Like sex, Powder 8s are normally done with a partner but hey, doing it alone isn't so bad, either.

Then I made another 50 turns.



and another.



And so on......

Friday, August 07, 2009

Termas de Chillan, Chile

Conditions in Chile were perfect for tracking the Rare Alpine Skunk. It had been dumping for two days prior to our arrival in Nevados de Chillan.

Nevados de Chillan is reminiscent of Alta, but substantially larger. Mostly above treeline, very steep, very rocky. One major difference between Chillan and Alta is that the Chilean locals can't ski worth shit, so when conditions are good, you've got the steeps to yourself. Unlike Alta and Snowbird, a powder day doesn't consist of 400 local legends-in-their-own-minds elbowing you out of the way in the lift line and cursing at you. As is typical of South American ski resorts, more than half the terrain is only accessible via hiking or skinning. A very cool local phenomenon on the mountain are several volcanic hot springs. Traversing across an awesome, almost-vertical face in hip-deep powder, you'll get a strong whiff of sulfur. Suddenly, in front of you will appear a raging mountain stream erupting from the snow, and the water is hot. Steam billows into the sky.
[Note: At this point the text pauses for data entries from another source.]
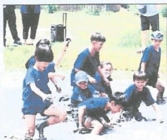
ลงมือฝึกปฏิบัติ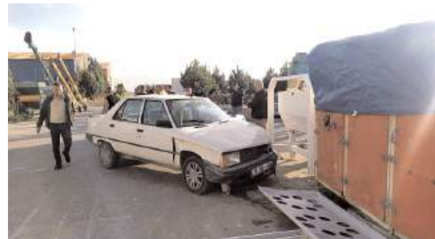
Kazada her iki araçta da maddi hasar meydana geldi.

Kaza ile ilgili soruşturma başlatıldı. (İHA)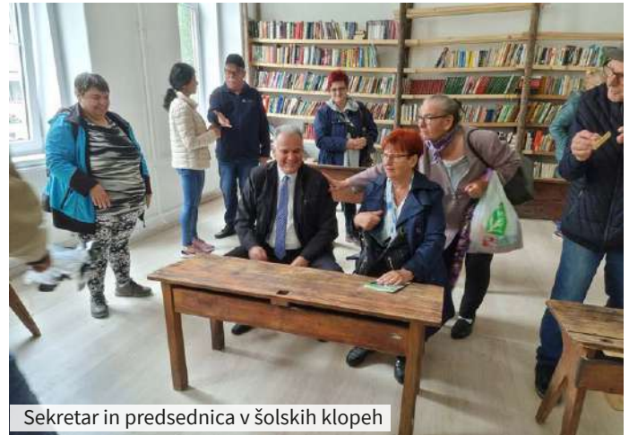
Sekretar in predsednica v šolskih klopeh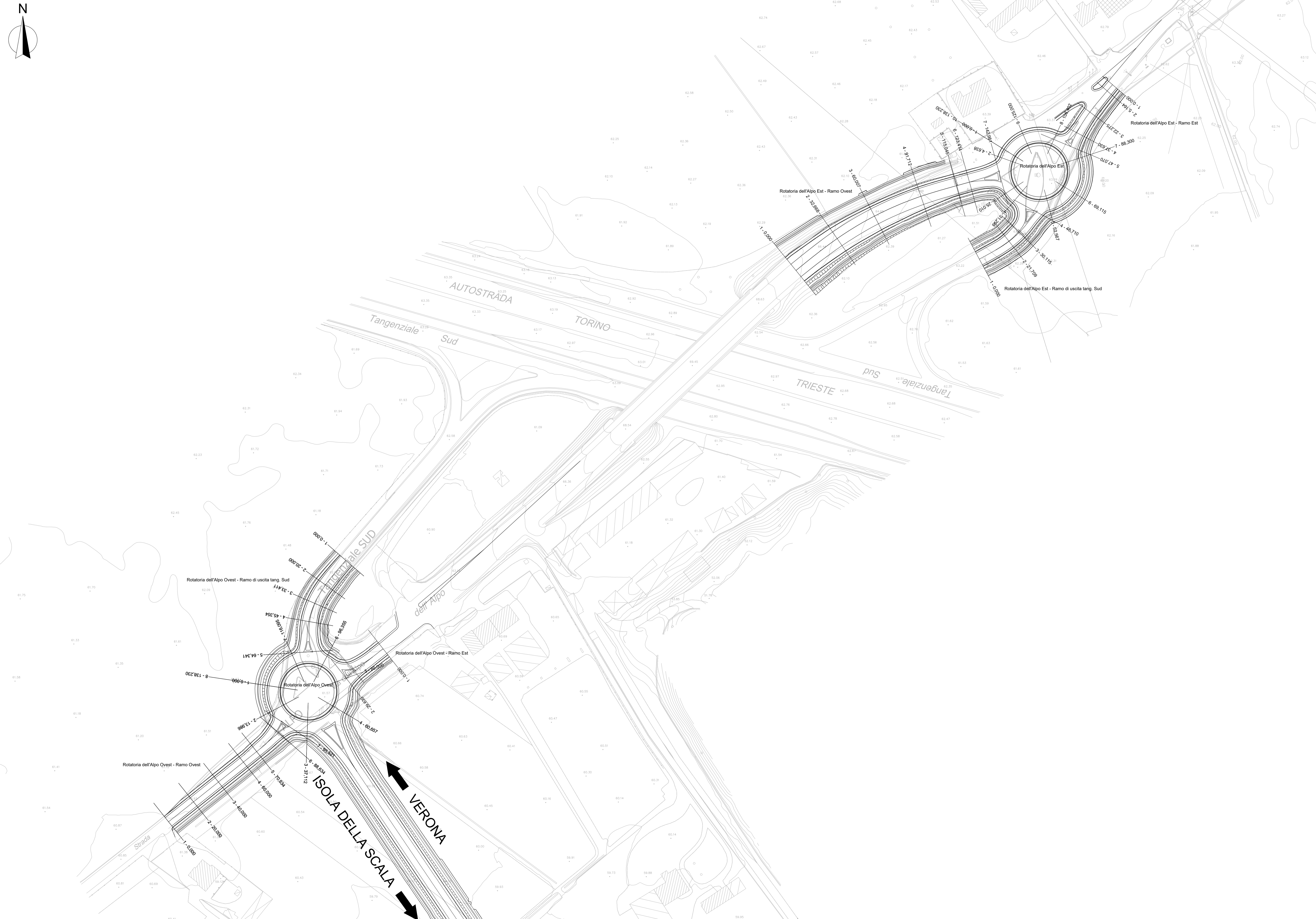
Quadro d'unione - scala 1:50.000

All the indicators were pointing to a potential Skunk sighting at Nevados de Chillan:

20 inches of fresh powder? Check.

Steep and Deep? Check.

Snow soccer, anyone?

Nobody around. Virgin, untracked powder everywhere. Check.

No pasar? No problem in Chile. Just lift the ropes and go for it.

Yours truly, with CASA Tours owner David Johnson, aka Gomez.

Yours truly with the Antuco Volcano (see perfect snow-covered cone just above my head). Supposedly, when the conditions are right, Antuco can be skinned or hiked, after which you can ski about 6000 vertical feet down to a place called the M.I. Lodge. We had dinner at the M.I. Lodge last night, after which some of the group soaked in the hot springs. I was so beat from shredding hip-deep powder all day, from bell to bell, that I passed on the hot springs and was asleep by 9:15.

A quick plug for Maui Cyclery. My K2 Coombas have been working spectacularly. Great ski.

Looks like a Rare Alpine Skunk has been here.

Here too.

Here too.

The elusive Alpine Skunk is all over this mountain.


For the first skiing day at Chillan it continued to dump. Fantastic skiing, but sketchy visibility. Our adventures were mostly limited to inbounds, even with our hired guides, because skiing off cliffs obscured by weather and falling to our death was not on the agenda.

The second day was truly epic, in the finest sense of the word. Overcast but clear, miles of untracked powder, nobody around except our group. Not one minute spent inbounds, except when we took a lunch break at the lodge.